*Data below*.
----------------------------------------

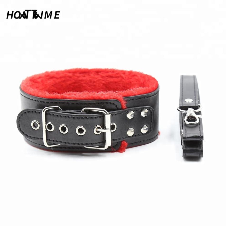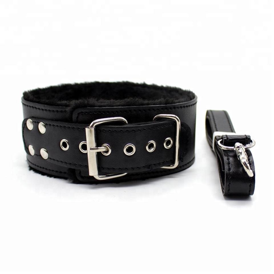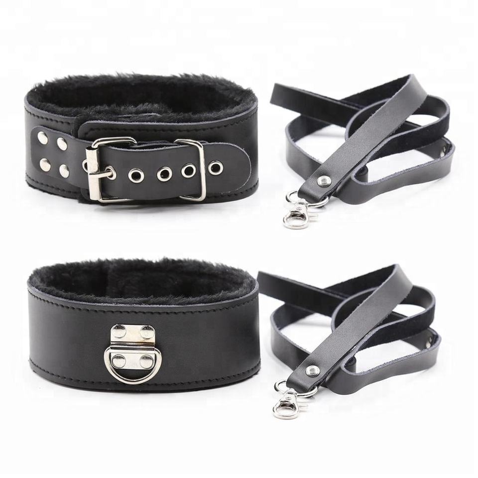 Wholesale Price Adult BDSM Bondage Gear Male Leather Collars with Fur Collar Toys Restraint Collar Sex Toys
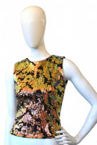 This piece dazzles with a sequin mosaic, capturing sunlight in an autumn spectrum of iridescent rose gold and bronze. The sleeveless, fitted silhouette is a celebration of texture and light, it’s a statement of bold elegance and radiant expression. The top is even more beautiful in person as it is hard to capture the beautiful colors of the iridescent fabric. It is also made of a stretch sequin fabric with a very soft rayon jersey lining. The length measures 2 inches from the top of the shoulder to the hem.
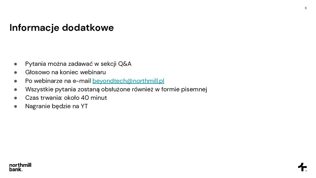 Głosowo na koniec webinaru • Po webinarze na e-mail [email protected] • Wszystkie pytania zostaną obsłużone również w formie pisemnej • Czas trwania: około 40 minut • Nagranie będzie na YT 3

----------------------------------------

*What is needed*. Restate the entire listing word for word, excluding pictures.

*Your solution*.
 Wholesale Price Adult BDSM Bondage Gear Male Leather Collars with Fur Collar Toys Restraint Collar Sex Toys
 This piece dazzles with a sequin mosaic, capturing sunlight in an autumn spectrum of iridescent rose gold and bronze. The sleeveless, fitted silhouette is a celebration of texture and light, it’s a statement of bold elegance and radiant expression. The top is even more beautiful in person as it is hard to capture the beautiful colors of the iridescent fabric. It is also made of a stretch sequin fabric with a very soft rayon jersey lining. The length measures 2 inches from the top of the shoulder to the hem.
 Głosowo na koniec webinaru • Po webinarze na e-mail [email protected] • Wszystkie pytania zostaną obsłużone również w formie pisemnej • Czas trwania: około 40 minut • Nagranie będzie na YT 3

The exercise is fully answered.